Then I calculate the years that have elapsed since the clients onboarded in order to make my graph visually more appealing.
df['Yearsdiff'] = df['Year']-df['Year Onboarded']
To calculate the Cumulative Average Revenue I tried the following methods:
First try:
df = df.join(df.groupby(['Year']).expanding().agg({ 'Revenue': 'mean'})
.reset_index(level=0, drop=True)
.add_suffix('_roll'))
df.groupby(['Year Onboarded', 'Year']).last().drop(columns=['Revenue'])
The output starts to be cumulative but the last row isn't cumulative anymore (not sure why).
Second Try:
df.groupby(['Year Onboarded','Year']).agg('mean') \
.groupby(level=[1]) \
.agg({'Revenue':np.cumsum})
But it doesn't work properly, I tried other ways as well but didn't achieve good results.

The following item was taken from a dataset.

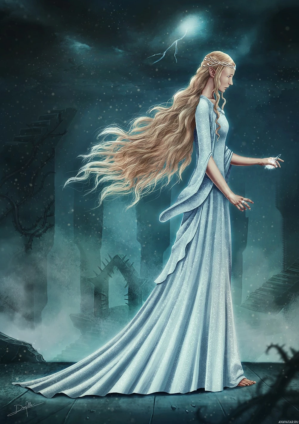 This is an image of a character depicted as Galadriel from the works of J.R.R. Tolkien, particularly in "The

To visualize the cumulative average revenue I simply use sns.lineplot
My goal is to get a graph similar as the one below but for that I first need to group my data correctly.
Expected output plot
The Years that we can see on the graph represent the 'Year Onboarded' not the 'Year'.
Can someone help me calculate a Cumulative Average Revenue that works in order to plot a graph similar to the one above? Thank you
Also the data provided in the toy dataset will surely not give something similar to the example plot but the idea should be there.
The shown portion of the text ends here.